Tumusiime also notes that while regular entrepreneurs, who have no legal background need lawyers to strike deals, it comes at a high cost, which most startups cannot afford.
Additionally, he says potential investors also ask for impressive financial states, devoid of which, a startup becomes unattractive to investors.
“To get investment for your startup, investors request for an impressive financial statement depicting revenue coming into the startup. If your revenue is not promising, they categorise you as a failing startup, devoid of potential. This means that they will not risk their funding on you,” Tumusiime says.
It should be noted that tech startups, especially Fintechs, largely rely on foreign investors to develop scalable products that can serve across many markets. Thus, increased availability of local and international funding allows startups to access resources from a wide range of stakeholders at different stages of development.
However, John Ndabarasa, the Startup relations associate on the Netherlands Trust Fund Uganda and engagement associate at the International Trade Center, says it is neither too difficult nor too easy to get funding for startups.
According to Ndabarasa, the gist of the matter is that often there is a general mismatch between startup ideas and expectations of potential funders.
“Startups at the ideation stage barely receive money because they are yet to generate revenue. Experts often say money is not everything because many startups have got money and still failed into oblivion.
What startups need to address is the glaring skills gap,” he said.

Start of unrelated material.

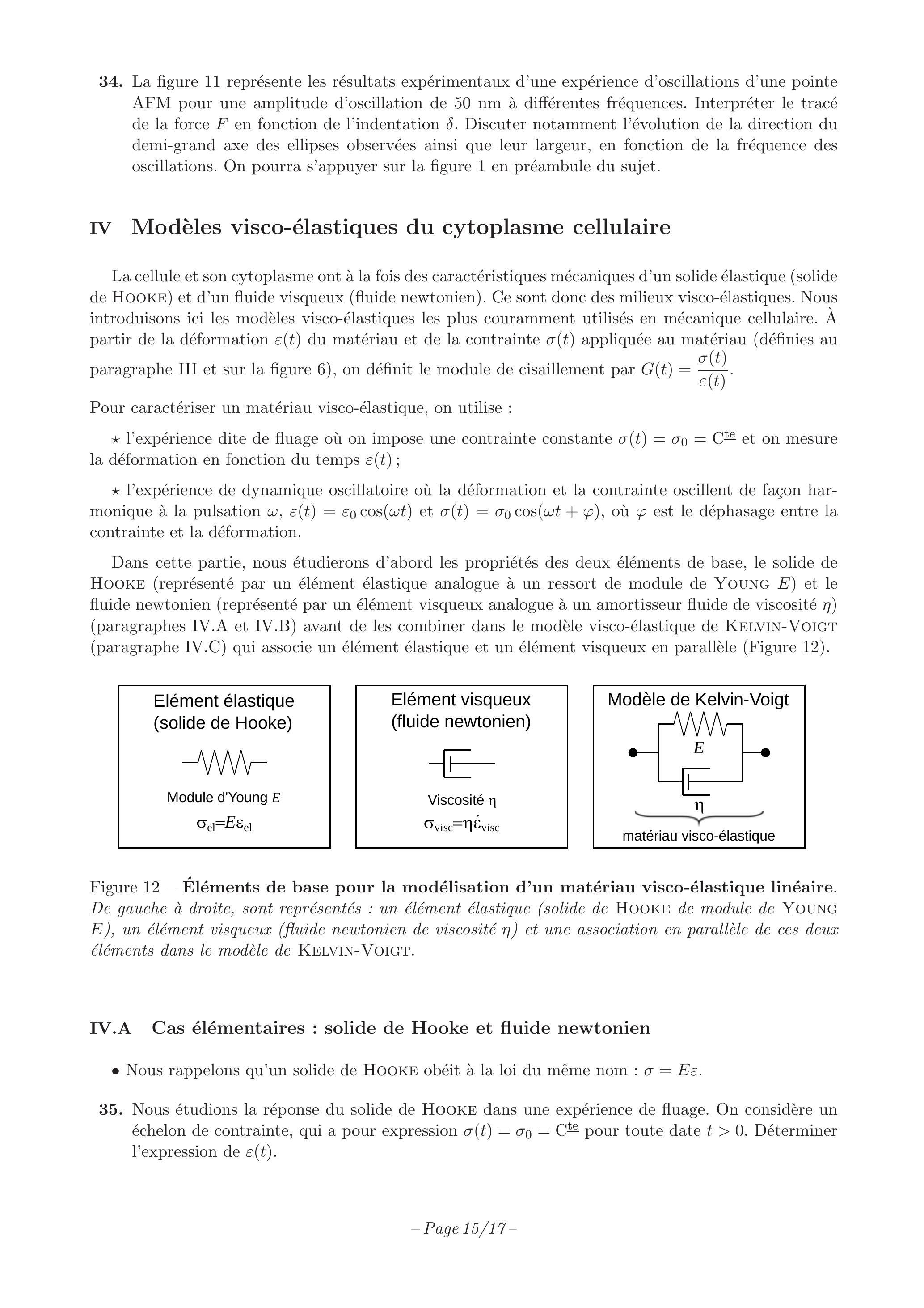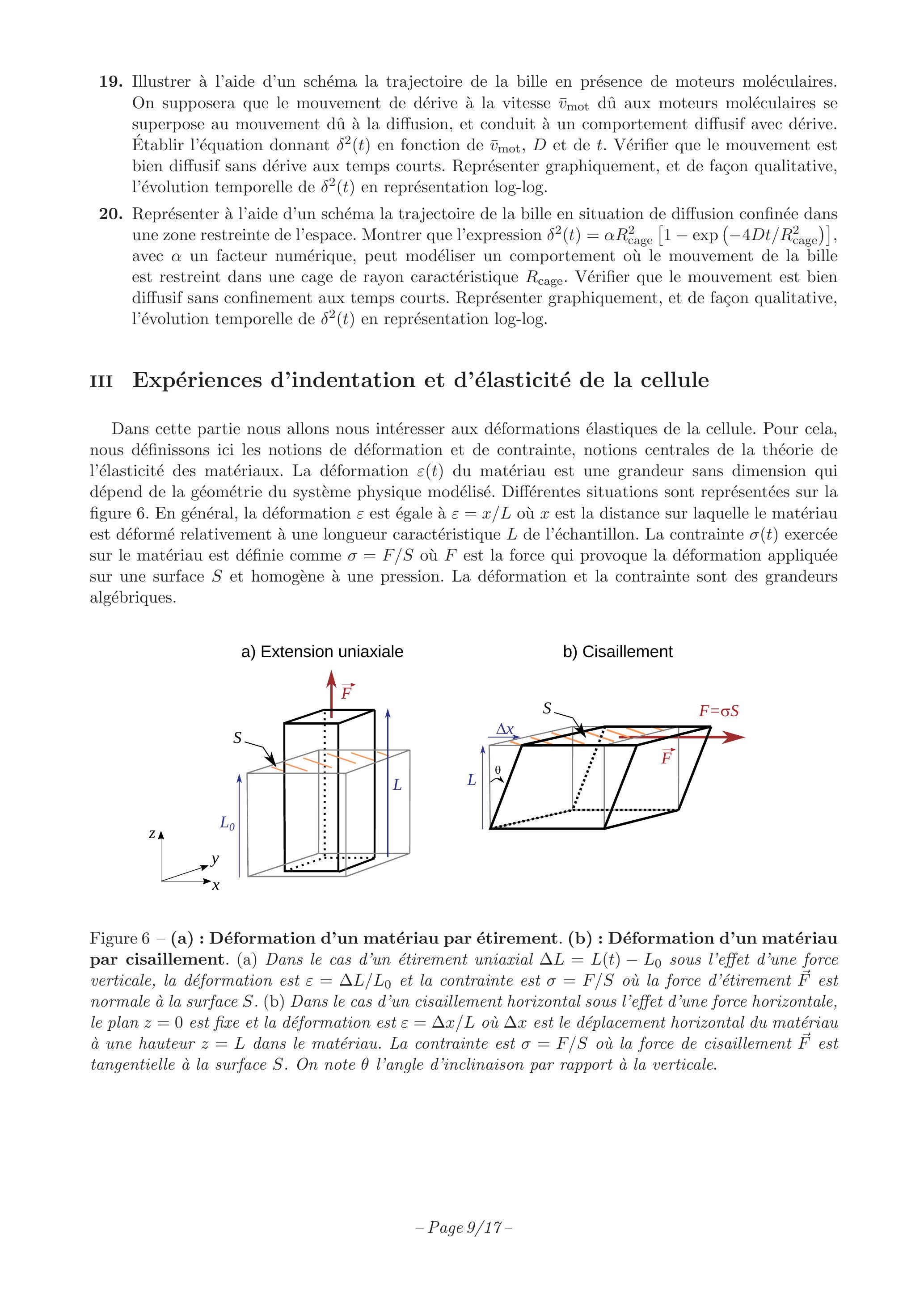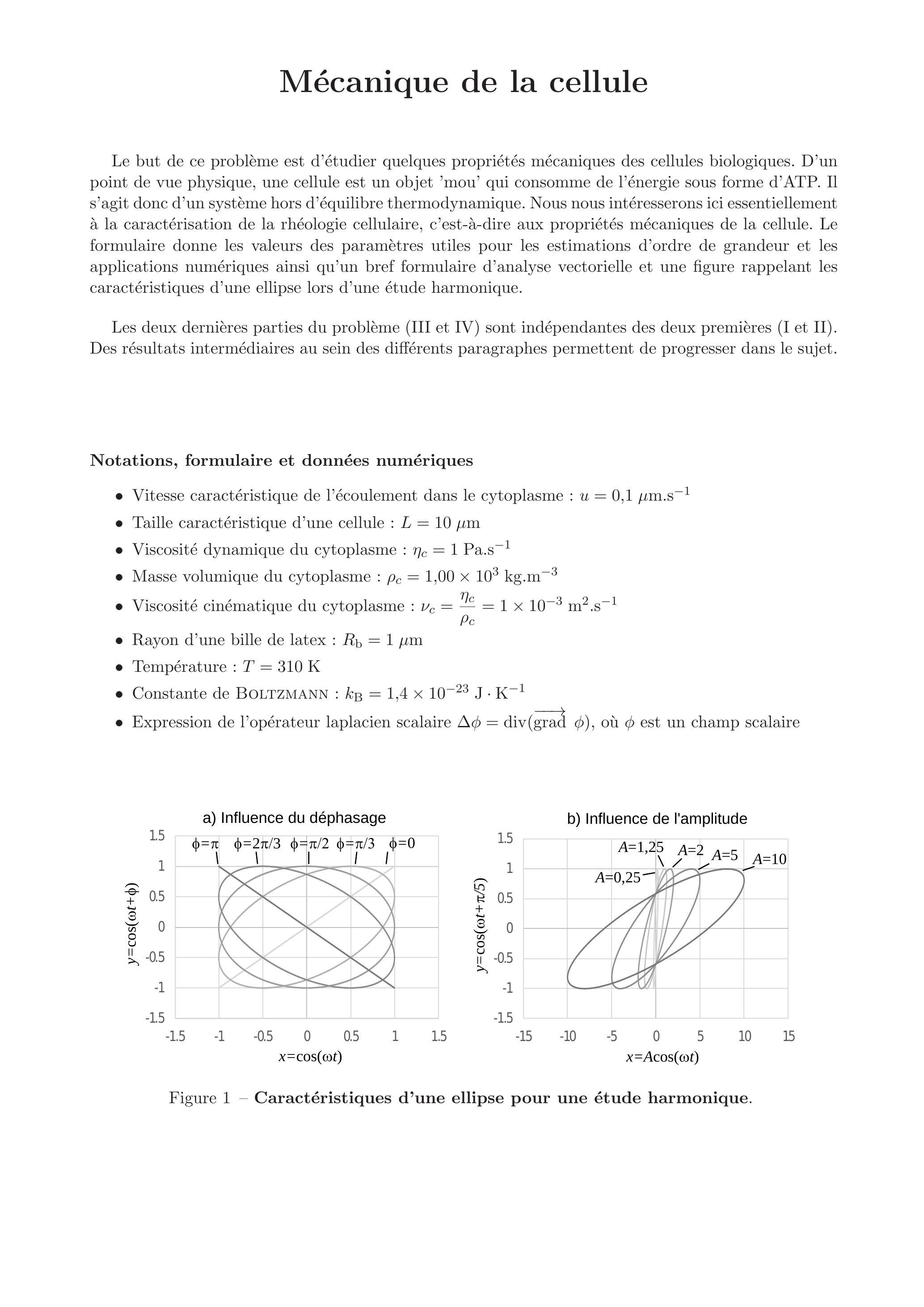 Le but de ce problème est d'étudier quelques propriétés mécaniques des cellules biologiques. D'un point de vue physique, une cellule est un objet 'mou' qui consomme de l'énergie sous forme d'ATP. Il s'agit donc d'un système hors d'équilibre thermodynamique. Nous nous intéresserons ici essentiellement à la caractérisation de la rhéologie cellulaire, c'est-à-dire aux propriétés mécaniques de la cellule. Le formulaire donne les valeurs des paramètres utiles pour les estimations d'ordre de grandeur et les applications numériques ainsi qu'un bref formulaire d'analyse vectorielle et une figure rappelant les caractéristiques d'une ellipse lors d'une étude harmonique.

Kimbugwe says for Uganda to position itself very well in the market to become an investment destination, the fintechs have to invest in flagship products or Minimum Viable Product (MVP).

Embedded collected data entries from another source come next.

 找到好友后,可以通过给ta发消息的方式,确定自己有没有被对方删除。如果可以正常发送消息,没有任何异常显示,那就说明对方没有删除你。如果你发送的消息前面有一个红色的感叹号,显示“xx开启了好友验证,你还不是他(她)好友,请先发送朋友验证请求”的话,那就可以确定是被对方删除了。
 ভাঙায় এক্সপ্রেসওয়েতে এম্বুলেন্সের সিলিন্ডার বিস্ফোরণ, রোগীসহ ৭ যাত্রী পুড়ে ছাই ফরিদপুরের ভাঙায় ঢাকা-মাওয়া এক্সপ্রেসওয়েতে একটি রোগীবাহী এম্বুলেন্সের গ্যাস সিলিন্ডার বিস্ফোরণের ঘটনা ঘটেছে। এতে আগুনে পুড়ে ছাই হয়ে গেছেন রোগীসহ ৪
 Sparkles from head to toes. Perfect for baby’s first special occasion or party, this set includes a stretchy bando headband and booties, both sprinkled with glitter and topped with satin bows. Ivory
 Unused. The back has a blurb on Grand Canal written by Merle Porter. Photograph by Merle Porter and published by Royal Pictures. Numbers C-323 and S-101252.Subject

Ms Kimbugwe adds that a Minimum Viable Product should be bankable and have the ability to attract investors. This means the product can serve a million or more people across different markets. This partly explains why Kenya and Nigeria lead in attracting funding.
“The irony about venture capital is not simply about bidding for funding, but you need a scalable product, to attract investors. If I have a million dollars, what is my return on investment in two years?” she ponders.

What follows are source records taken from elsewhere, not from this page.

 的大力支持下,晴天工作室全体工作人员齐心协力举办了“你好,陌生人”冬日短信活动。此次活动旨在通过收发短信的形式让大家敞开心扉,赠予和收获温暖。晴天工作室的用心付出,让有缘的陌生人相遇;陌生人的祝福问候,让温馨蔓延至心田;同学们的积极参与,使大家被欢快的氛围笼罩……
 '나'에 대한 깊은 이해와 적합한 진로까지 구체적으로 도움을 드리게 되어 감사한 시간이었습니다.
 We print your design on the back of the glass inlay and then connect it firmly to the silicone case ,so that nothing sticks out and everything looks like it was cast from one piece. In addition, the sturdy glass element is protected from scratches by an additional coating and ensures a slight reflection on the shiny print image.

Lack of cyber risk safeguards
Telecom giants MTN and Airtel Uganda together with Stanbic Bank on October 5, 2020 suspended bank-to-wallet mobile money transactions. This followed a cyber-attack on Pegasus Technologies, a third party aggregator of digital payments. The biggest dent caused by the hack was eroding customers’ trust in digital financial services.
As FinTechs continue to disrupt the financial services sector in Uganda, regulators must be alive to the threats posed by this disruption; as the Pegasus hack has demonstrated.
In the absence of state regulation, should the players be left to operate without any kind of regulation?
Through their umbrella association, the Financial Technology Service Providers Association (FITSPA), FinTechs have come up with an Industry Code of Conduct that all members of FITSPA are expected to uphold. The Pegasus incident and other cyber-fraud attacks that have occurred in Uganda, makes the case for FITSPA as an industry association to take a more active role in compelling its members to implement, test and strengthen their anti-cyber fraud safeguards.
Limited financial inclusion
Despite the commendable strides made by Fintechs, a wide gap remains for women, PWDs, rural populations, as well as the young and urban poor.
Women are particularly disadvantaged because of the digital gender divide. A recent study, conducted in 86 per cent of low-income countries, found that more men own mobile phones than women.
The study also found that 58 per cent of these same countries have a gender gap of more than 5 per cent.
Damali Ssali, a financial inclusion enthusiast, says financial inclusion will only be attained if Fintech operators focus their services and developments to solutions that can help women, PWDs, the low-income earners, the urban poor, the unbanked, the underbanked, as well as the small and medium-sized enterprises.